What the task requires
Word for word, copy the data that follows and skip its pictures.

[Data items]
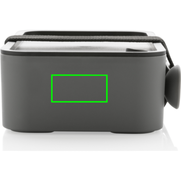 Questo elegante e robusto portapranzo si adatta perfettamente a uno stile di vita sano! È abbastanza grande per contenere panini e deliziose insalate. Realizzato con PP riciclato certificato GRS al 93%. GRS certifica tutta la filiera del materiale riciclato. Include inoltre un pratico spork e un cinturino elastico. Capacità 0,8 litri. La scatola pranzo è facile da pulire, ma non va messa in lavastoviglie né utilizzata nel microonde.
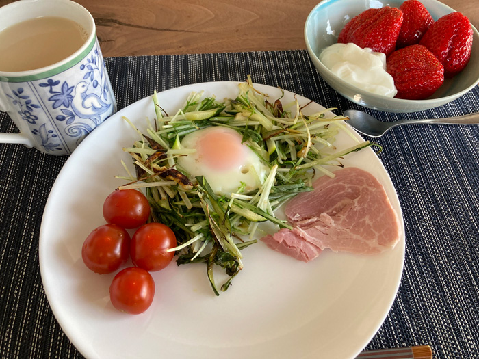 少し焦げてしまいましたが、ズッキーニと水菜の巣篭り卵。ハムも千切りにして混ぜようかと思ったのですが、何かバタバタしてそのまま添えることになったようです。朝の時間ってなんであっという間に過ぎるのだろうと不思議です。
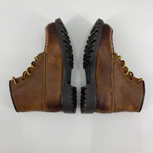 Frye Youth 8.5 Dakota Brown Leather Moc Toe Mid Lace Up Boots Preppy Lug Soles
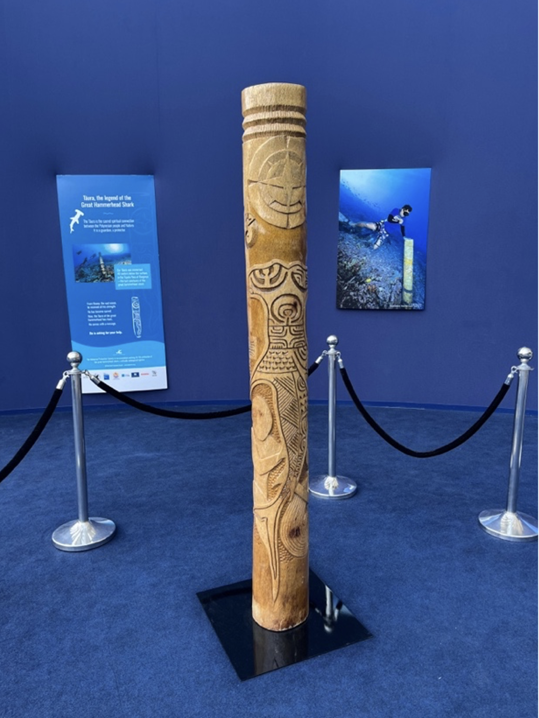 They had displayed a Tāura Tamataroa, a totem and messenger of the great hammerhead shark, an ambassador of the vibrant and proud Indigenous culture of the atoll. The sculptor explained to me that Polynesian peoplehave a deep spiritual connection with the great hammerhead shark and the Ocean — a relationship that Western science has trouble understanding and acknowledging without trying to explain it. But this profound bond between people and the Ocean is what makes each party both respectful of and protective toward the other, sustaining a wise and intergenerational balance in each other’s lives.
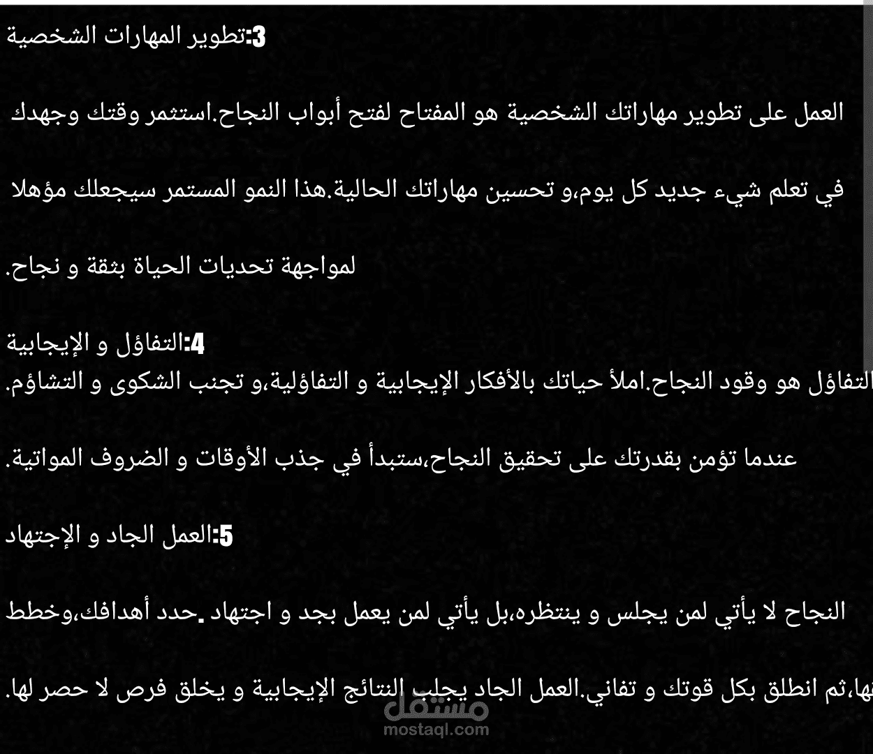رسمت خمسة عوامل مهمة تسهم في النجاح وتجذب اهتمام القراء. هذه النقاط تشمل وجود رؤية واضحة، واستقبال التحديات، وتطوير المهارات الشخصية، وتعزيز التفاؤل، والعمل الجاد والتفاني.

Task response
 Questo elegante e robusto portapranzo si adatta perfettamente a uno stile di vita sano! È abbastanza grande per contenere panini e deliziose insalate. Realizzato con PP riciclato certificato GRS al 93%. GRS certifica tutta la filiera del materiale riciclato. Include inoltre un pratico spork e un cinturino elastico. Capacità 0,8 litri. La scatola pranzo è facile da pulire, ma non va messa in lavastoviglie né utilizzata nel microonde.
 少し焦げてしまいましたが、ズッキーニと水菜の巣篭り卵。ハムも千切りにして混ぜようかと思ったのですが、何かバタバタしてそのまま添えることになったようです。朝の時間ってなんであっという間に過ぎるのだろうと不思議です。
 Frye Youth 8.5 Dakota Brown Leather Moc Toe Mid Lace Up Boots Preppy Lug Soles
 They had displayed a Tāura Tamataroa, a totem and messenger of the great hammerhead shark, an ambassador of the vibrant and proud Indigenous culture of the atoll. The sculptor explained to me that Polynesian peoplehave a deep spiritual connection with the great hammerhead shark and the Ocean — a relationship that Western science has trouble understanding and acknowledging without trying to explain it. But this profound bond between people and the Ocean is what makes each party both respectful of and protective toward the other, sustaining a wise and intergenerational balance in each other’s lives.
رسمت خمسة عوامل مهمة تسهم في النجاح وتجذب اهتمام القراء. هذه النقاط تشمل وجود رؤية واضحة، واستقبال التحديات، وتطوير المهارات الشخصية، وتعزيز التفاؤل، والعمل الجاد والتفاني.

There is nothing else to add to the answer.